Warren Buffett Train The EconomistThat bet is already paying off. In 2011 the seven largest freight railways had operating revenues of $67 billion (up from $47.8 billion in 2009). Net income was $11 billion, with returns on equity averaging 11.1%. By 2035 the demand for rail freight is expected to double. A great deal of new business is coming from shifting consumer goods. Containers are lifted off ships and trucks, loaded onto trains and whizzed to their destination. This business pays well and is growing fast.

Tony Hatch, a rail analyst, says improvements in scheduling and timekeeping mean that trains are now winning business they might not even have bothered bidding for before. Although railways cannot deliver to your door, as lorries can, Mr Hatch says big-box retailers are making more use of them because it is the cheapest way to move bulky things long distances over land. Using rail means accepting slightly higher inventories, he says, but it is often worth it.

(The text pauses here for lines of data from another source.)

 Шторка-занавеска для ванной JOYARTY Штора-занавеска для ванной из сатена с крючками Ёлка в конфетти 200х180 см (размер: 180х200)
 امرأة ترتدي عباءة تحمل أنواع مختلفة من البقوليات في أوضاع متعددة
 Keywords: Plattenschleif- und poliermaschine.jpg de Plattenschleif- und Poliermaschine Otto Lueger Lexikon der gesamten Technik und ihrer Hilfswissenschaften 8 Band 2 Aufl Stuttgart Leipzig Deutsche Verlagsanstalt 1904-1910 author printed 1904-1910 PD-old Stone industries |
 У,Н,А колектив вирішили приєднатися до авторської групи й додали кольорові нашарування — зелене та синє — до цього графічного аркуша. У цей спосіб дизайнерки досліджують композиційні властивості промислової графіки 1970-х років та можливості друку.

Moving goods by rail is four times more fuel efficient than by road, and railways can increase their capacity in the future. So America’s trains may soon nibble at trucks’ market share--particularly for journeys that take longer than a day by road. Truckers are battling high fuel and labour costs, shortages of drivers, congestion, tighter rules on how drivers must operate and chronic underinvestment in roads.

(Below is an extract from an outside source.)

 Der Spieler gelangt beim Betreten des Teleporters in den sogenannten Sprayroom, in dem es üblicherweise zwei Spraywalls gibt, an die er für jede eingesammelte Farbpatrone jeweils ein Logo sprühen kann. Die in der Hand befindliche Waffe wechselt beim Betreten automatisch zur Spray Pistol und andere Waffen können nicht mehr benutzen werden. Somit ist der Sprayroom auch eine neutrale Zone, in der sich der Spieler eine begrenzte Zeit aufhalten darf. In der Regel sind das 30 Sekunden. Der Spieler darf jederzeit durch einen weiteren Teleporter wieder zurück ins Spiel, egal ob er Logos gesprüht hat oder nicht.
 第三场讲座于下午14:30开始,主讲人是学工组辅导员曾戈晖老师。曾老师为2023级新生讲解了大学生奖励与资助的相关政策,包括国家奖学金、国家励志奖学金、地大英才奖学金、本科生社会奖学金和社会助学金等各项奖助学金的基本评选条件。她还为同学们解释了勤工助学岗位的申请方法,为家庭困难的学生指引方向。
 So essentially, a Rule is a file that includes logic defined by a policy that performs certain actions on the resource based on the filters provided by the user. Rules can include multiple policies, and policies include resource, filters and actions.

Today some 43% (by weight) of what is moved on American freight trains is coal. As power stations become subject to stricter environmental laws, this could dwindle. But John Gray, a policy expert at the Association of American Railroads, sees growing opportunities for moving crude oil. American oil production is rising, and is often cheaper than the stuff that arrives on tankers. America could build more pipelines to move domestic oil, but the rail network is already there. In the last quarter of 2009 about 2,700 carloads of crude oil were moved by rail. This had grown to 81,100 in the last quarter of 2012. Whatever loads America needs to shift in the future, railways are well placed to do the job.